In the lines below, output everything from the first line through the line containing "Relevant and interesting" exactly as it is. Pictures are not part of the output.
------ GIVEN INFORMATION ------
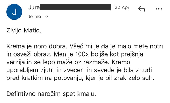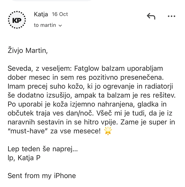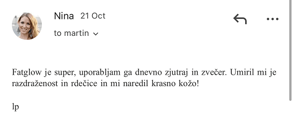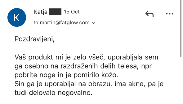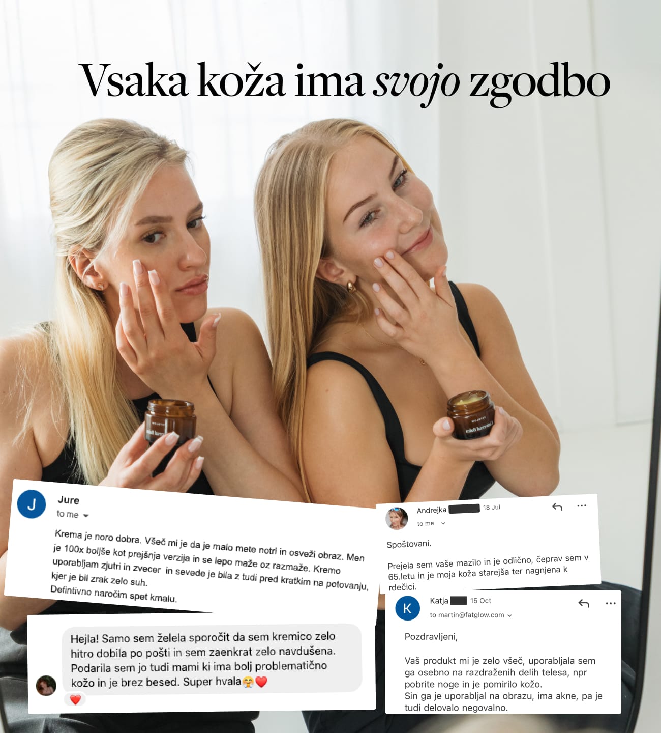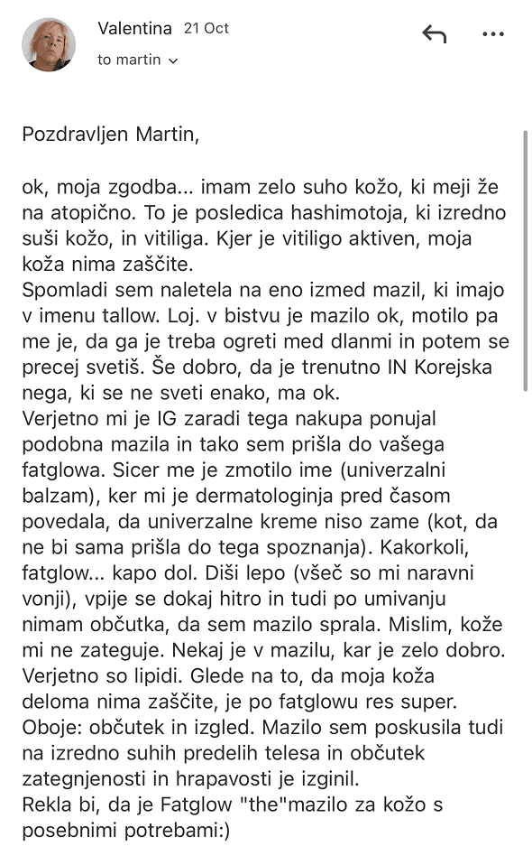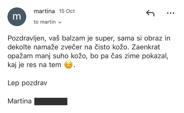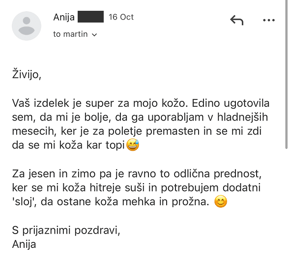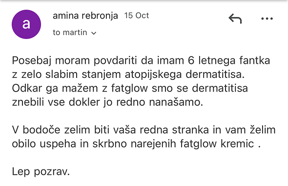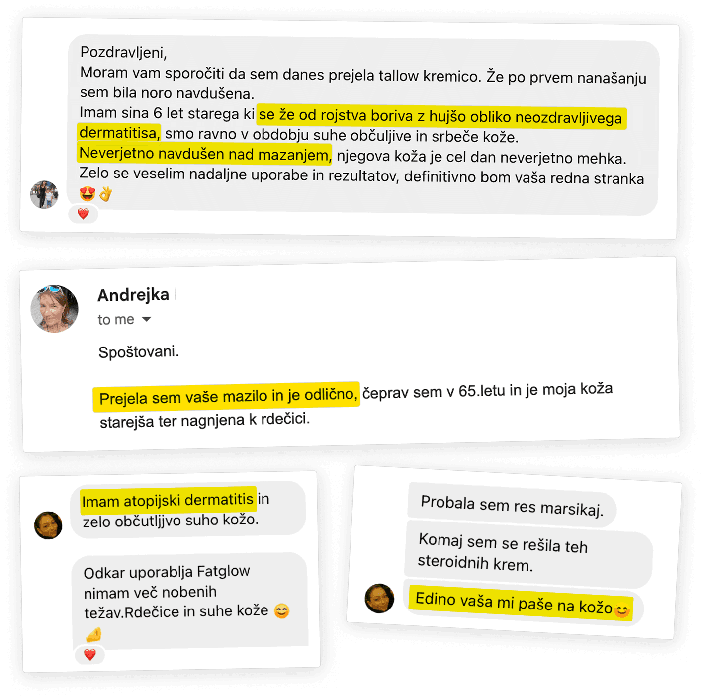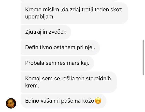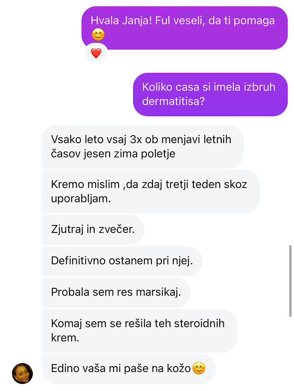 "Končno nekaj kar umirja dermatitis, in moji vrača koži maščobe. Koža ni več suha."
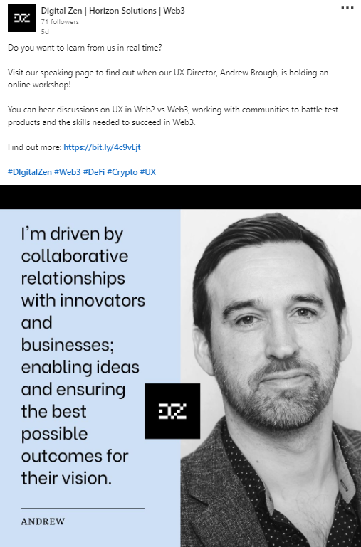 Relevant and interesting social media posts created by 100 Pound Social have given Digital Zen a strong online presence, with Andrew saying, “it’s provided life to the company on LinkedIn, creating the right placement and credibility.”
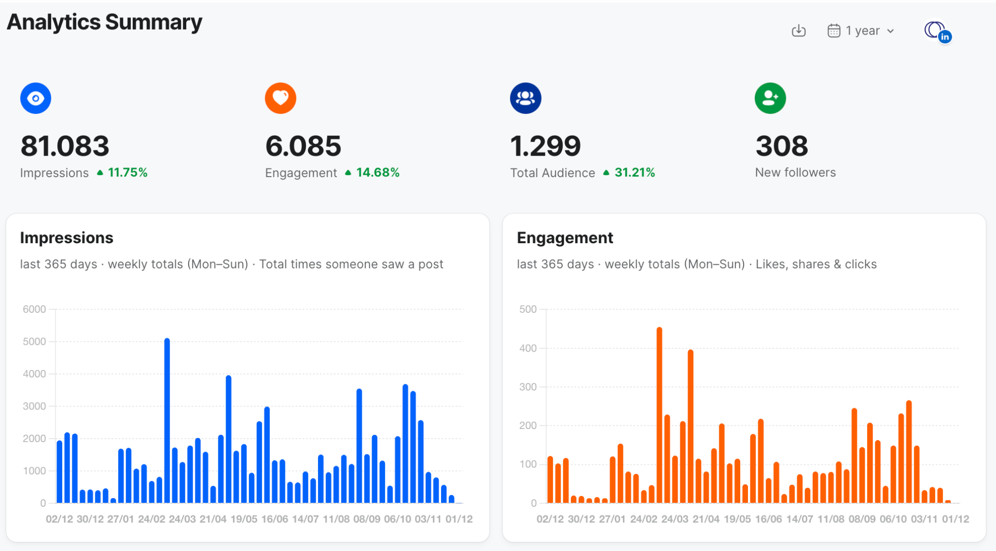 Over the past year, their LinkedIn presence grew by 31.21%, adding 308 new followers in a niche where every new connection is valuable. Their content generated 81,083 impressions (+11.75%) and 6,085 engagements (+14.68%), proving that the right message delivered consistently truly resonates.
------
→ FINISHED TASK
 "Končno nekaj kar umirja dermatitis, in moji vrača koži maščobe. Koža ni več suha."
 Relevant and interesting social media posts created by 100 Pound Social have given Digital Zen a strong online presence, with Andrew saying, “it’s provided life to the company on LinkedIn, creating the right placement and credibility.”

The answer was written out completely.